(Supplied material Opens)

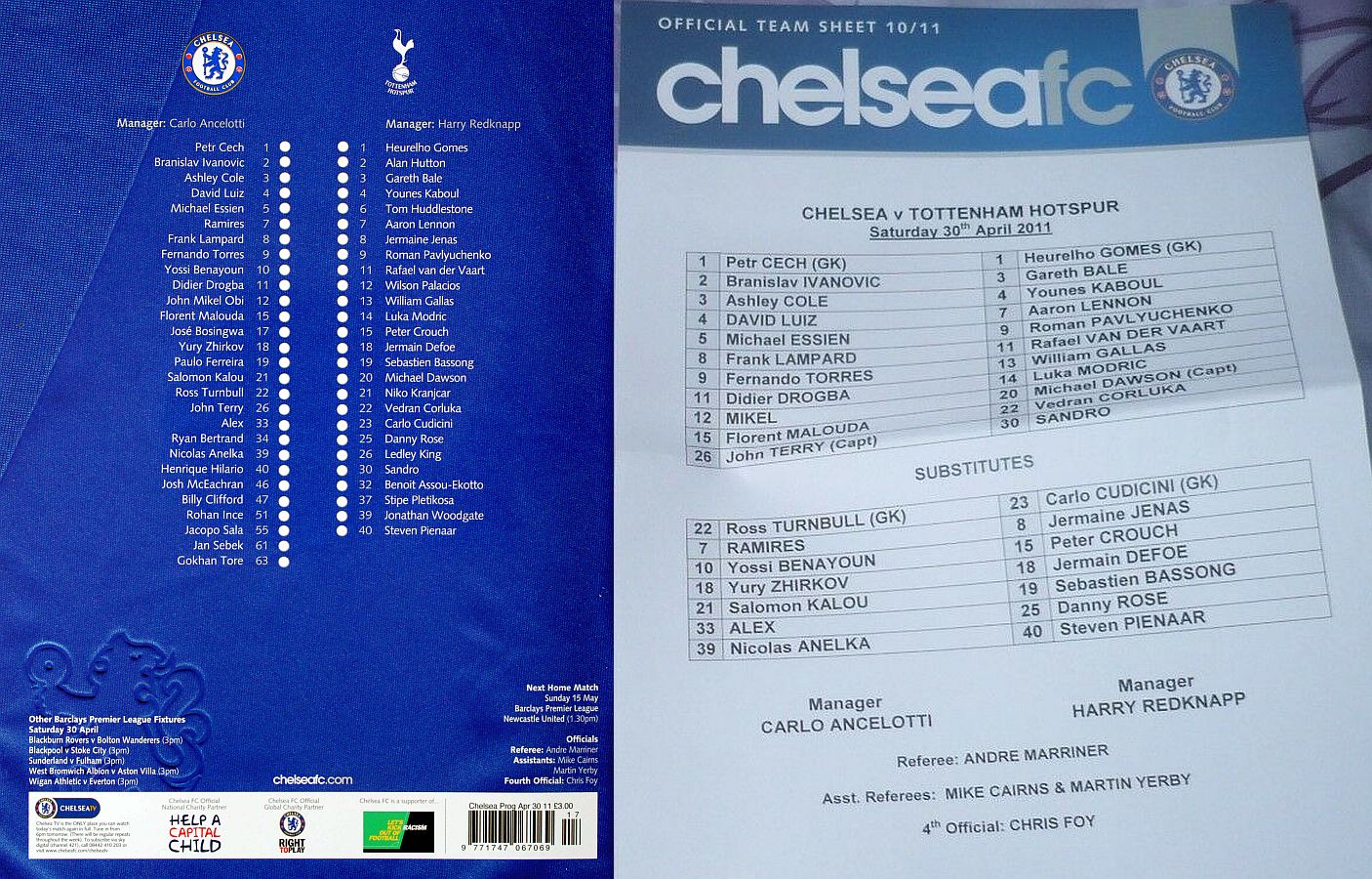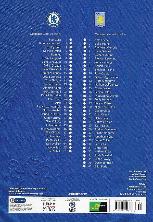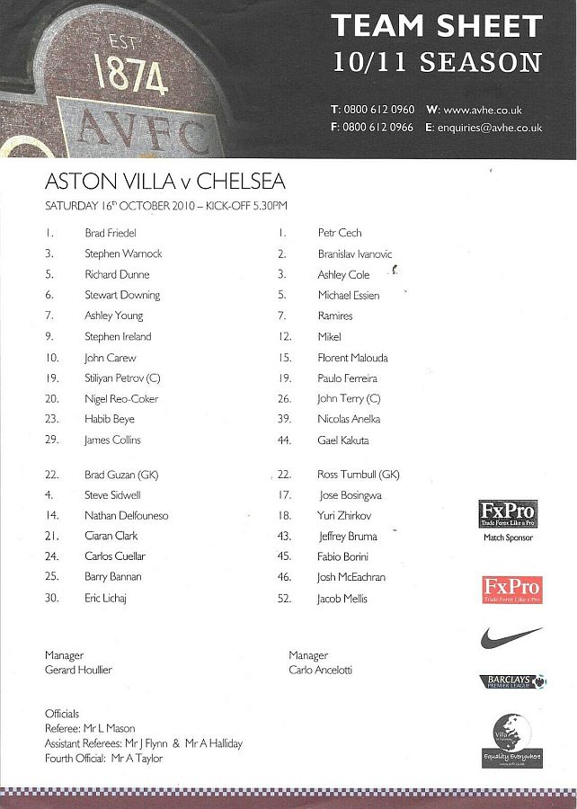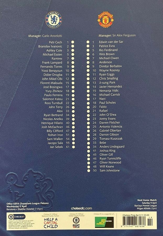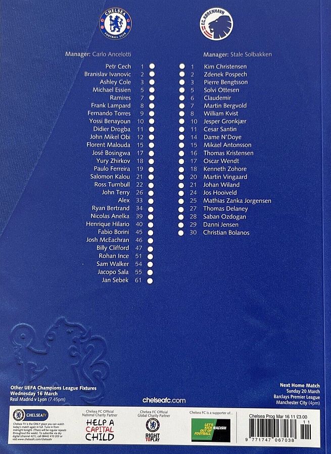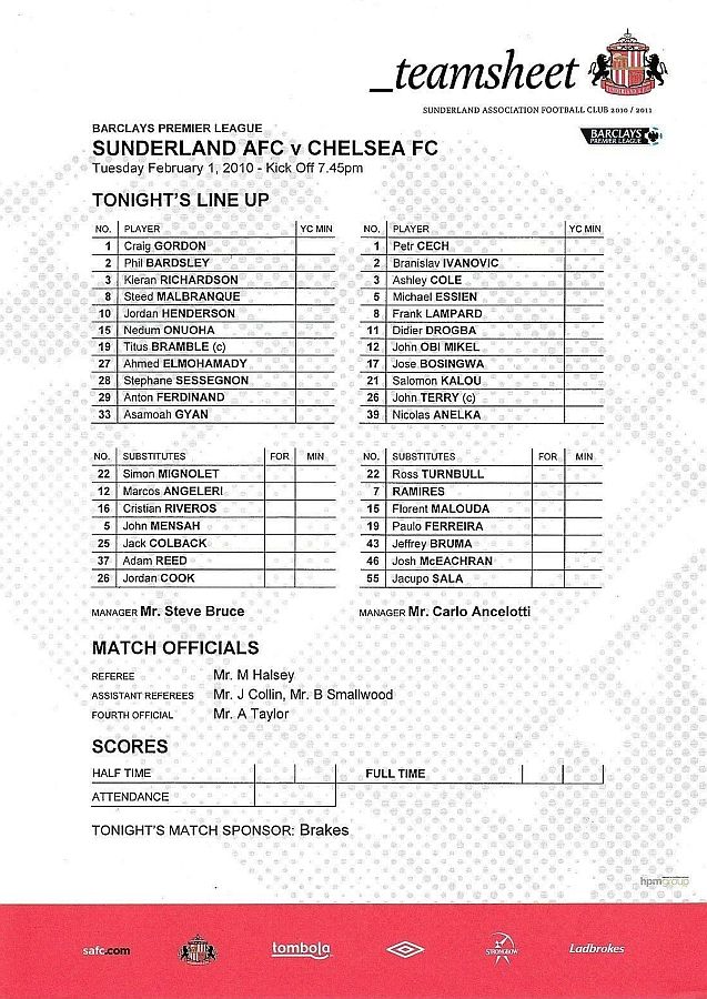 1 Petr Cech, 2 Branislav Ivanovic, 3 Ashley Cole, 5 Michael Essien (46 Josh McEachran 78), 8 Frank Lampard, 9 Fernando Torres, 12 Mikel Obi (21 Salomon Kalou 61), 15 Florent Malouda, 26 John Terry, 33 Alex (19 Paulo Ferreira 70), 39 Nicolas Anelka |
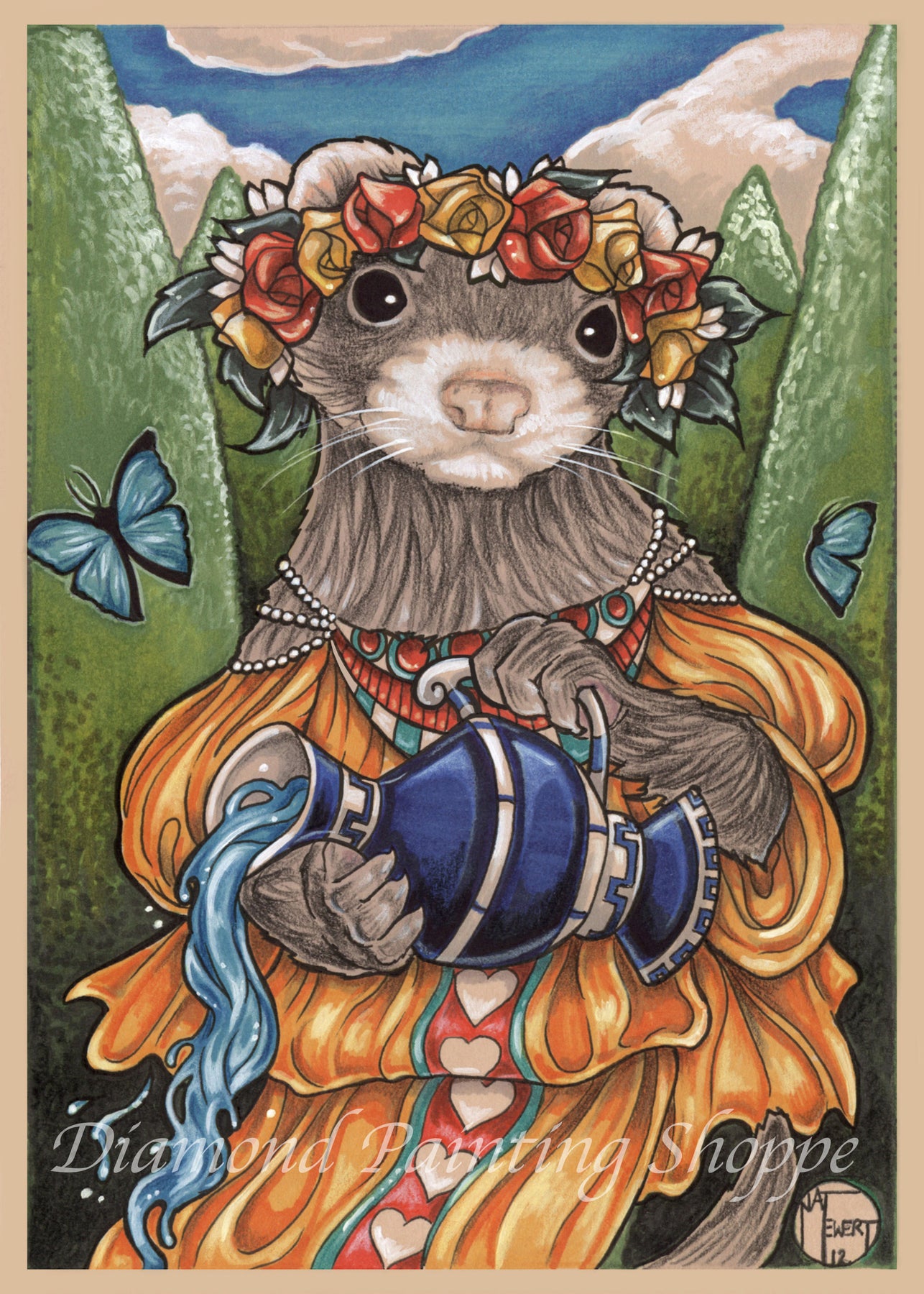 Whimsical diamond painting artwork of a ferret dressed in Grecian robes, wearing a floral crown and pouring water from a blue vessel, set against a classical landscape.
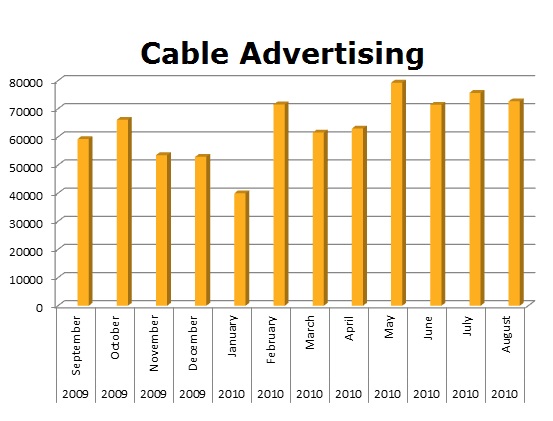 Advance Auto Parts only ran 173 spots on the local cable markets we monitor, while AutoZone ran 19,852 spots. AutoZone’s biggest month was last month August with 6,427 spots.

(Supplied material Closes)

Instructions to follow: Restate word for word each line from the one containing "Whimsical diamond painting" through the end of the material, pictures excluded.

Solution below:
 Whimsical diamond painting artwork of a ferret dressed in Grecian robes, wearing a floral crown and pouring water from a blue vessel, set against a classical landscape.
 Advance Auto Parts only ran 173 spots on the local cable markets we monitor, while AutoZone ran 19,852 spots. AutoZone’s biggest month was last month August with 6,427 spots.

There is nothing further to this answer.